Records drawn from a dataset

============================================================

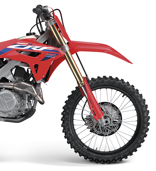 توفر لك درَّاجة (CRF450R) درجة متانة عالية مع قدرة على الانطلاق بسرعة من بوابة السباق لتحتل الصدارة وقطع مسافة السباق في وقت قياسي. كما يتميز مسند المكابح الأمامية بخفة وزنه. تعمل إعدادات المُخَمِّد/ الزنبرك والوقود المُعدَّلة للشوكة المُعلقة رأسًا على عقب من Showa 49 مليمتر على تعزز ردة الفعل ويساعدها في ذلك عملية الإنجاز المتناهي الدقة للمصد الخلفي بالإضافة إلى Pro-Link المُعدَّل.
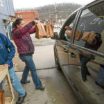 Jackie Gaughan of Freeport hands children’s lunches in to a van at the NextHome Real Estate office on Fifth Street in Freeport on Tuesday, March 17, 2020.
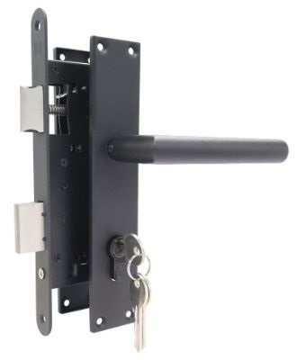 Slot passend in al onze poortdeuren, (Behalve de rabatdeur). Inhoud: insteekslot, cilinderslot met 3 sleutels, 2 stuks deurschild en klink met zwarte strucuurcoating.
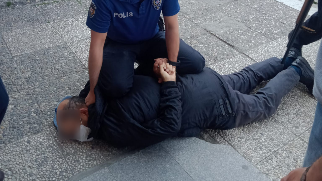 Bankanın dışarısını çıkarak tüfeğini elinden bırakan Selim T., polis ekipleri tarafından gözaltına alındı.
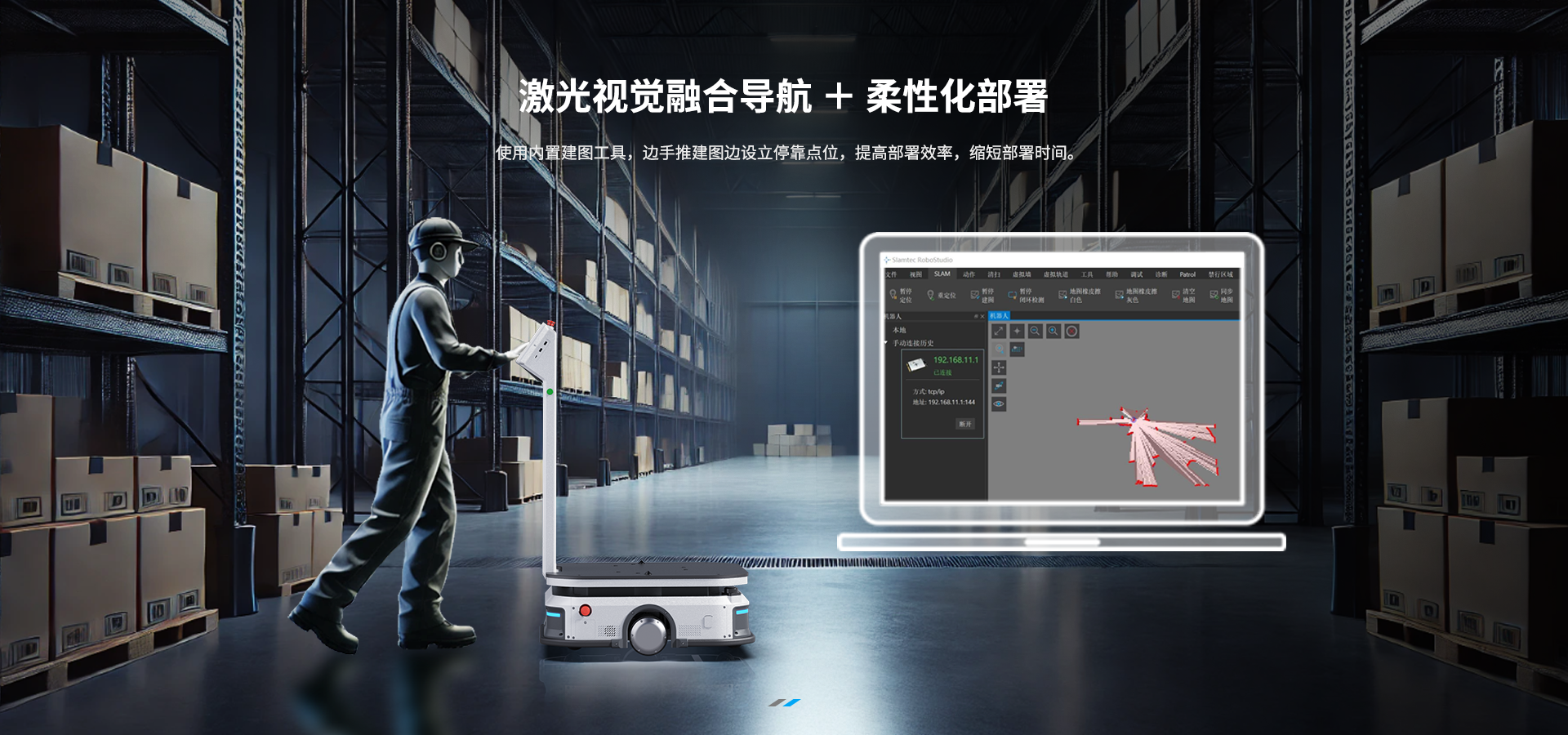 无需复杂部署:摒弃传统磁铁、反光板等环境改造,通过激光视觉融合技术快速建图,边推图边设点,部署效率提升50%。
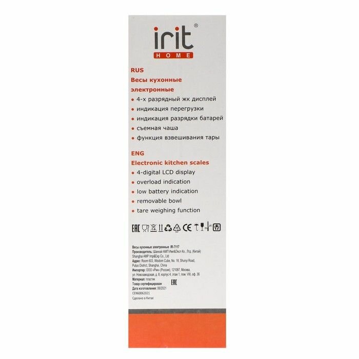 Irit IR-7136 Электронные кухонные весы 5кг 1г, круглые
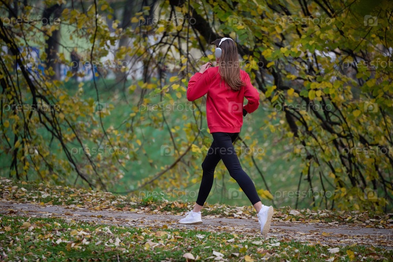 Молодая красивая женщина бежит в осеннем парке и слушает музыку в наушниках на смартфоне
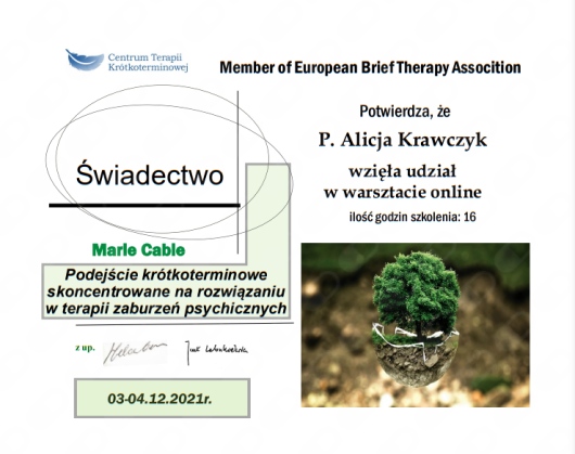 Jestem Psychologiem, Terapeutą Terapii Krótkoterminowej Skoncentrowanej na Rozwiązaniu oraz Doradcą Zawodowym dla młodzieży i dorosłych. Ukończyłam jednolite studia magisterskie na kierunku Psychologia na Uniwersytecie Łódzkim. Uzupełniam swoją wiedzę dodatkowo uczestnicząc w kursach i szkoleniach. Doświadczenie w pracy psychologa czy Doradcy Zawodowego zdobywałam pracując w Stowarzyszeniu Ja-Ty-My oraz w Miejskim Ośrodku Pomocy Społecznej, gdzie prowadziłam warsztaty, konsultacje indywidualne, wparcie w poszukiwaniu pracy. Pracowałam z osobami niepełnosprawnymi udzielając im wsparcia psychologicznego, prowadząc konsultacje indywidualne. Prowadziłam również warsztaty aktywizacyjne i wsparcie w poszukiwaniu pracy. Prowadziłam też grupę wsparcia, a wcześniej szlifowałam wiedzę prowadząc zajęcia dla studentów jako Dydaktyk na Akademii Humanistyczno-Ekonomicznej. Specjalizuję się w: Poradnictwo psychologiczne Wsparcie osób w kryzysie Problemy wychowawcze Wsparcie dla rodziców Trening asertywności, rozwój osobisty Przewlekły stres Żałoba Relaksacja Doradztwo Zawodowe Budowanie Indywidualnych Planów Działania Planowanie kariery, wybór szkoły Przygotowanie Biznesplanu Usługi: konsultacje psychologiczne wsparcie psychologiczne interwencja kryzysowa relaksacja warsztaty i szkolenia psychologiczne wsparcie dla rodziców doświadczających trudności wychowawczych analiza mocnych stron pomoc przy wyborze szkoły dla młodzieży wsparcie osób dorosłych przy zmianie pracy czy budowaniu ścieżki kariery pomoc przy pisaniu biznesplanów dla osób chcących otworzyć działalność gospodarczą
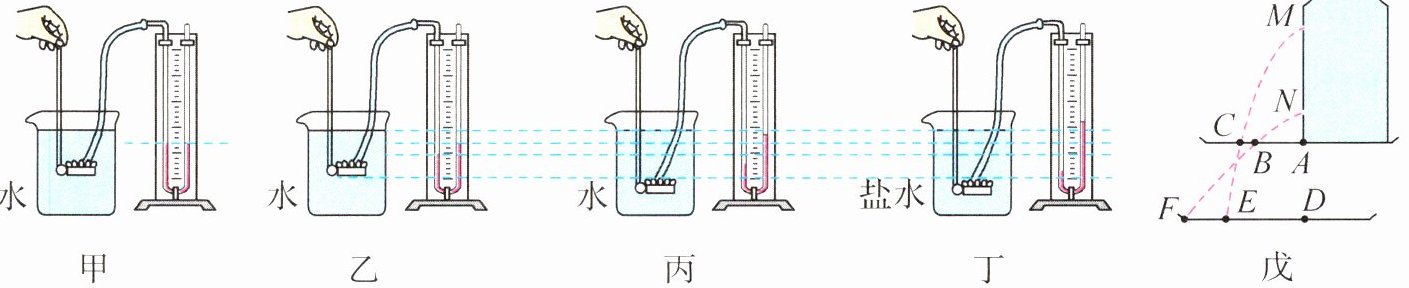(4)小明利用侧壁开孔的矿泉水瓶装满水,继续探究,当他拧开瓶盖,放开两小孔M、N,在瓶底部水平放置接水盘,发现水的落点为图戊所示的B、C点,于是他将接水盘向下平移至D处,使$MA = ND$,水的落点为E、F点. 为了比较两小孔处液体压强大小,应比较AC与______的距离.
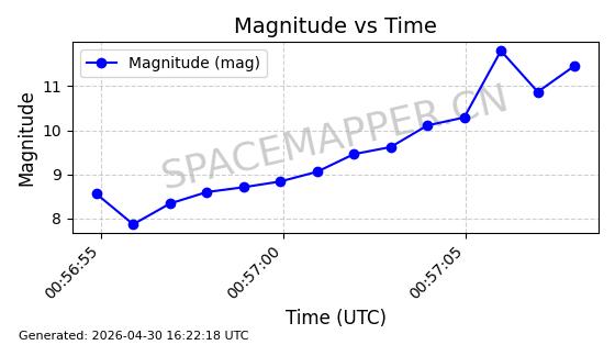 | STARLINK-30326 | 57639 | 57639 | 2023-08-17 同日期轨道 2023-122H 同批次轨道 | 在轨 | 94分钟 | 42.9969 | 482.069 | 484.073 | 0.0001459 | 2026-04-29 03:31:32 | ||
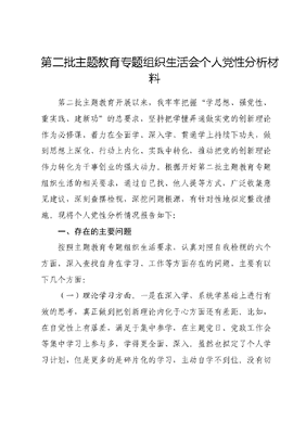 第二批主题教育专题组织生活会个人党性分析材料.docx
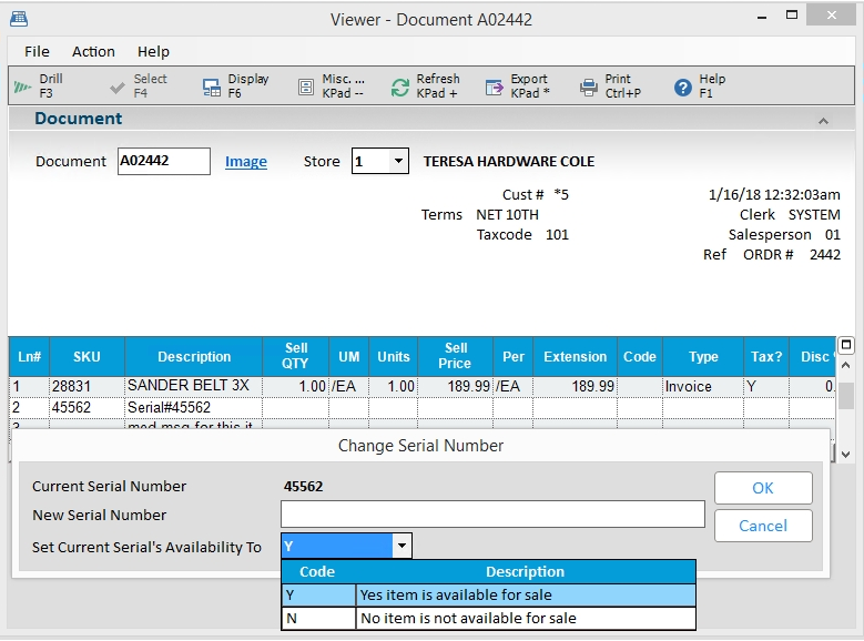 Use QuickRecall Viewer to change the existing serial number of an item on an archived transaction. At the time of changing the serial number you can indicate whether the unit with the serial number being replaced will be available for a future sale.
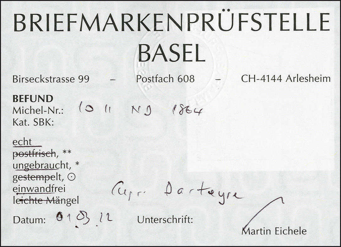 | Prüfer: | Eichele, Martin (BPB (Briefmarkenprüfstelle Basel)) |
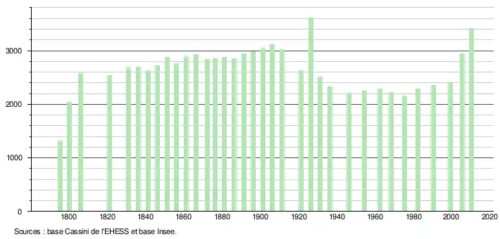 L'évolution du nombre d'habitants est connue à travers les recensements de la population effectués dans la commune depuis 1795. À partir du , les populations légales des communes sont publiées annuellement dans le cadre d'un recensement qui repose désormais sur une collecte d'information annuelle, concernant successivement tous les territoires communaux au cours d'une période de cinq ans. Pour les communes de moins de 10 000 habitants, une enquête de recensement portant sur toute la population est réalisée tous les cinq ans, les populations légales des années intermédiaires étant quant à elles estimées par interpolation ou extrapolation[9]. Pour la commune, le premier recensement exhaustif entrant dans le cadre du nouveau dispositif a été réalisé en 2005[10],[Note 1].
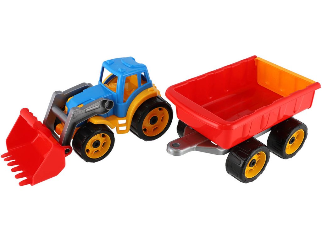 Barevný traktor s vlečkou a čelním nakladačem, je vhodný pro každého malého zemědělce a je vyroben z kvalitního a odolného plastu. Užijte si spoustu zábavy s tímto traktorem také
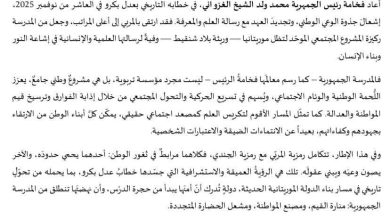 أشاد المجلس الأعلى للتهذيب بالخطاب الذي ألقاه فخامة رئيس الجمهورية السيد محمد ولد الشيخ الغزواني في مدينة عدل بكرو يوم…
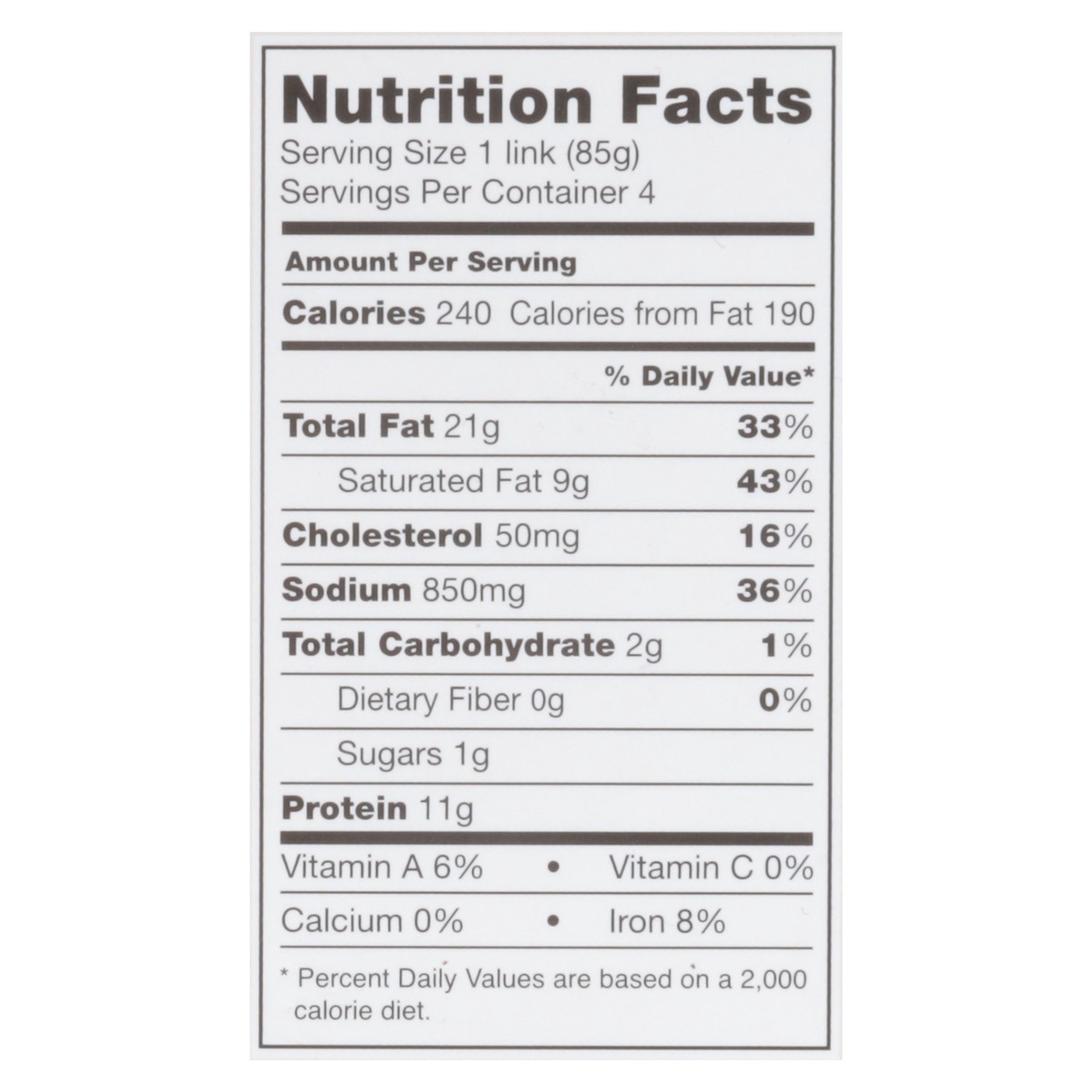 Beef, Water. Contains 2% or Less of Salt, Dextrose, Paprika, Spices, Sodium Phosphate, Garlic Powder, Sodium Erythorbate, Extractives of Paprika, Natural Flavorings, Sodium Nitrite, in Natural Pork Ca…
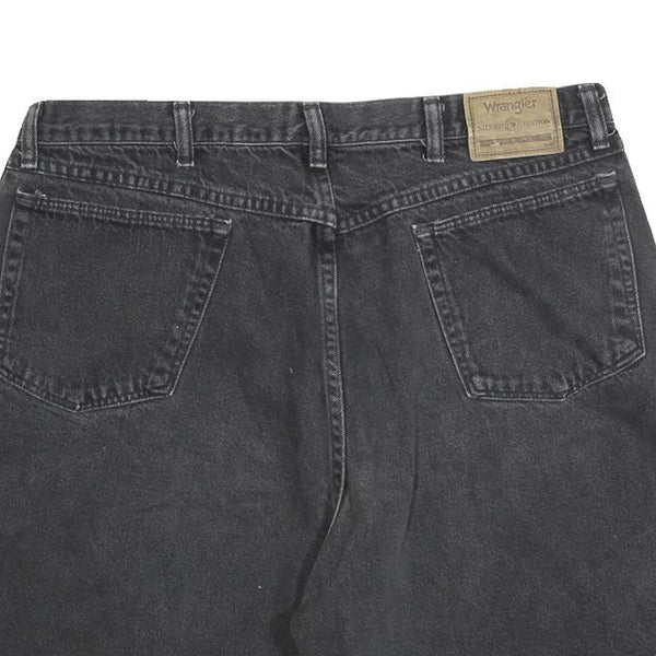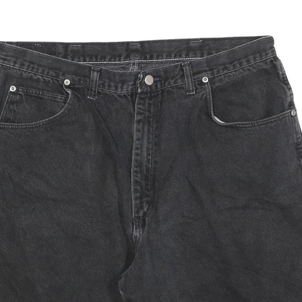 These Wrangler Mens Shorts present a classic black denim finish with a traditional five-pocket layout. They feature a button closure and belt loops, with a leather brand patch on the back waistband. The shorts showcase a plain washed pattern and a timeless casual style.
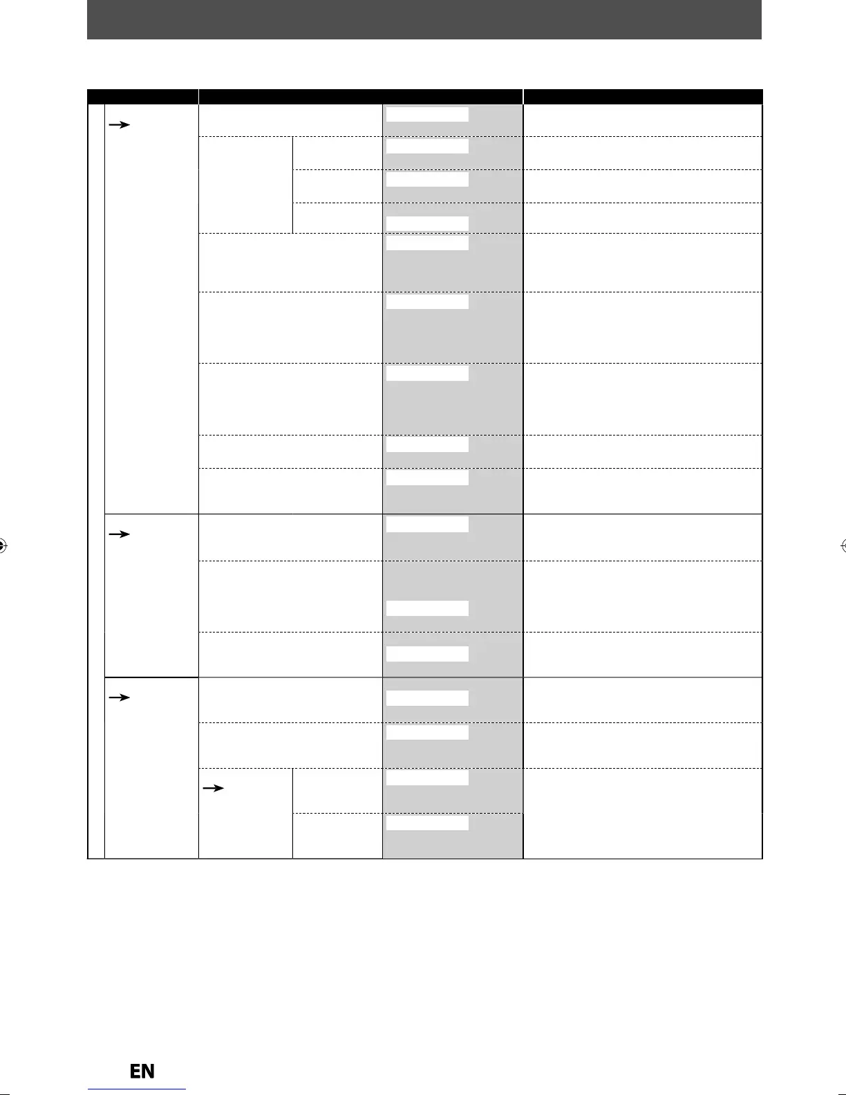 Setup Items (highlight is the default) Contents
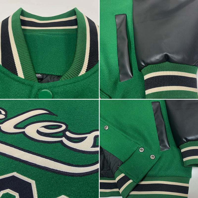 Custom Kelly Green Black-Cream Bomber Full-Snap Varsity Letterman Two Tone Jacket
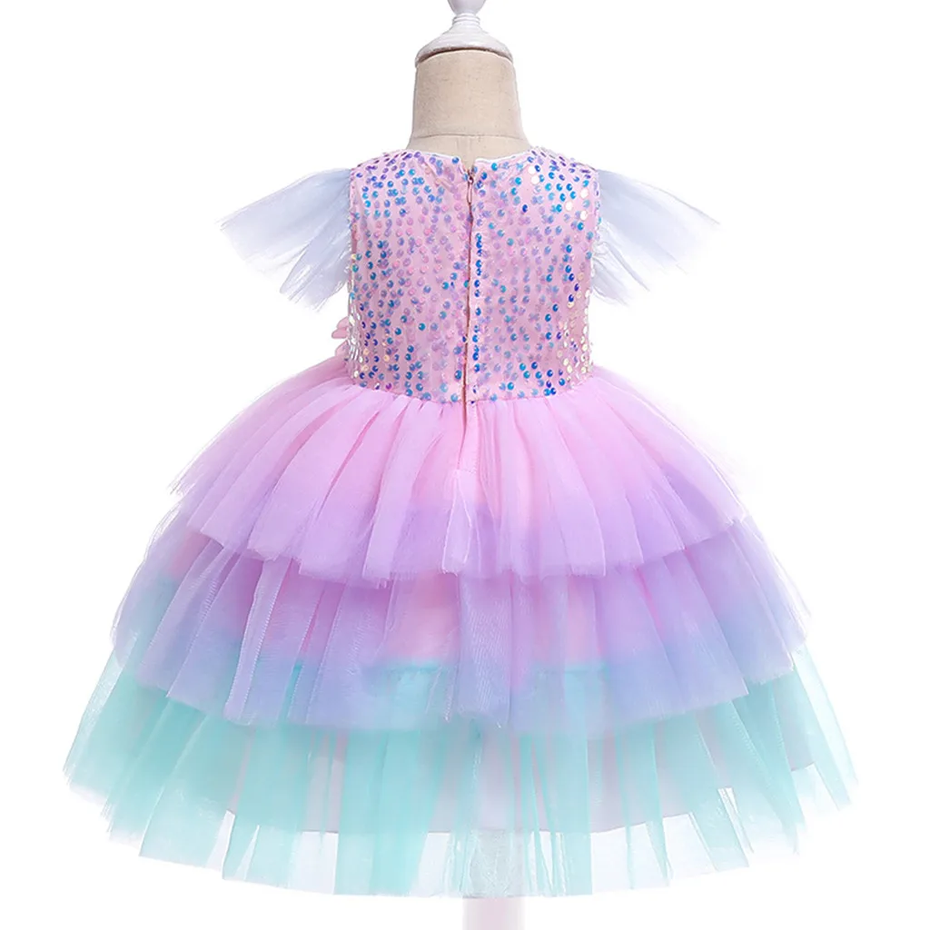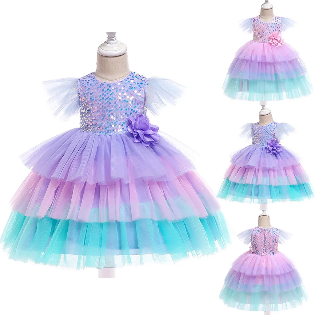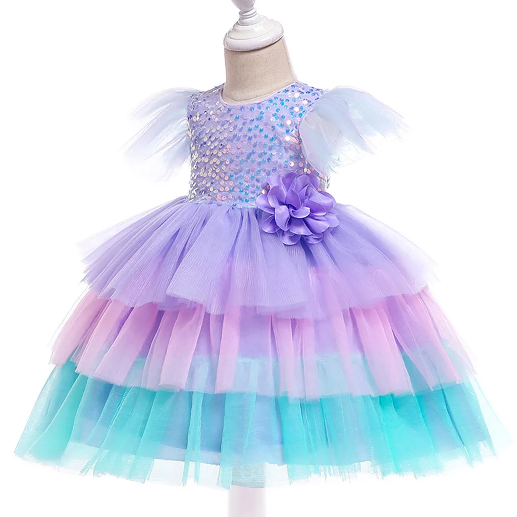 Детское праздничное платье принцессы с блестками для девочек; Платье подружки невесты на День рождения; Свадебное платье
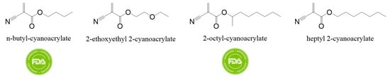 - FDA. US Food and Drug Administration—Premarket Approval (PMA) for Dermabond®. Available online: https://www.accessdata.fda.gov/scripts/cdrh/cfdocs/cfpma/pma.cfm?id=p960052 (accessed on 6 August 2024).

============================================================

● **REQUIRED ACTION**:
Every line from the one containing "Детское праздничное платье" through the last line of the records is to be reproduced exactly, with pictures left out and nothing else given.

● **ANSWER SECTION**:
 Детское праздничное платье принцессы с блестками для девочек; Платье подружки невесты на День рождения; Свадебное платье
 - FDA. US Food and Drug Administration—Premarket Approval (PMA) for Dermabond®. Available online: https://www.accessdata.fda.gov/scripts/cdrh/cfdocs/cfpma/pma.cfm?id=p960052 (accessed on 6 August 2024).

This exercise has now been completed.